In a project where we are computing metrics of graph objects across different edge densities, we have been using a subset call to pull out rows at a specific density. At the moment, density is stored as a numeric field in a data.frame, and the subset also specifies the criterion as a number. This leads to a situation where some subset calls work as expected and others do not. I believe this relates to machine precision on floating point values and we have worked around it by encoding density as a factor, but I wondered if there was a more intelligent way to think about the problem or to understand why R behaves in the way it does. More specifically, I would like to avoid such problems in the future and wonder whether using a factor is the best option, or if there is something more R-thonic.

Thanks for your input!

df <- data.frame(degree=rnorm(20), density=seq(0.01, 0.20, .01))

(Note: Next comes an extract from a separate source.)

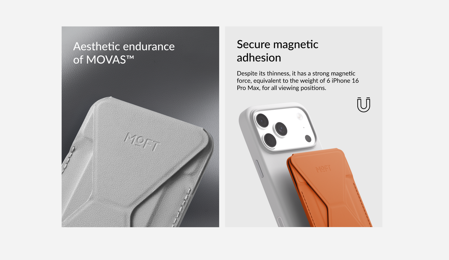 The width remains the same, but it’s vertically shorter than MOFT X and longer than MOFT X Compact version. It’s 0.5mm thicker and 10g heavier than MOFT X because of the magnet inside.
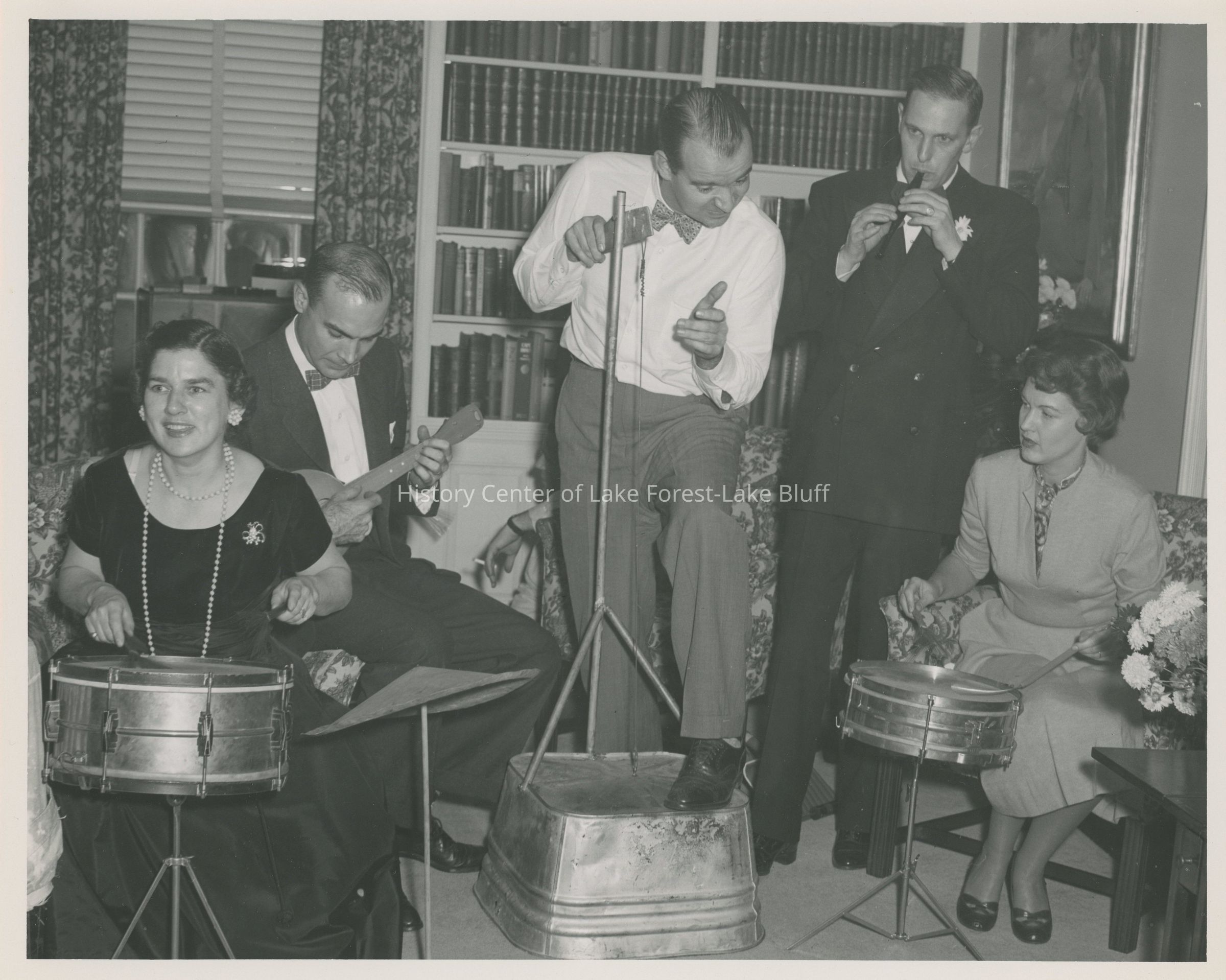 A small group photo from the Requa Family Acting Troupe and Musical Group get together. It features Mary Requa (left) and Maryann White (right) playing the drums, John Shields playing a small string instrument, Bob White playing the washtub bass, and Charlie Requa playing the recorder.

#only .05, .08, and .09 generate output
for (d in c(.05, .06, .07, .08, .09, .10)) { print(subset(df, density==d)) }

#this works as expected
for (d in seq(.01, .20, .01)) { print(subset(df, density==d)) }

#here is some evidence that machine precision may be to blame
diff(diff(seq(0.01, 0.20, .01)))
  • Yeah, testing equality of floating point numbers pretty reliably leads to trouble like this. – Frank May 17 '17 at 21:15
  • The problem is indeed machine precision; e.g. try `c(.05, .06, .07, .08) %in% seq(0.01, 0.20, .01)`. One way to fix it besides using a factor is to use a group by approach (such as `group_by()` and `summarize()` from dplyr, or data.table) when dividing a df into a sequence of sub-dfs based on one column. Besides avoiding floating point error, this will usually be faster and more expressive. – David Robinson May 17 '17 at 21:15
  • Aside from the comprehensive discussion in the linked duplicate, you are right that you could always keep a non-numeric version of the variable in question and do your subsetting using that. – joran May 17 '17 at 21:16

0 Answers0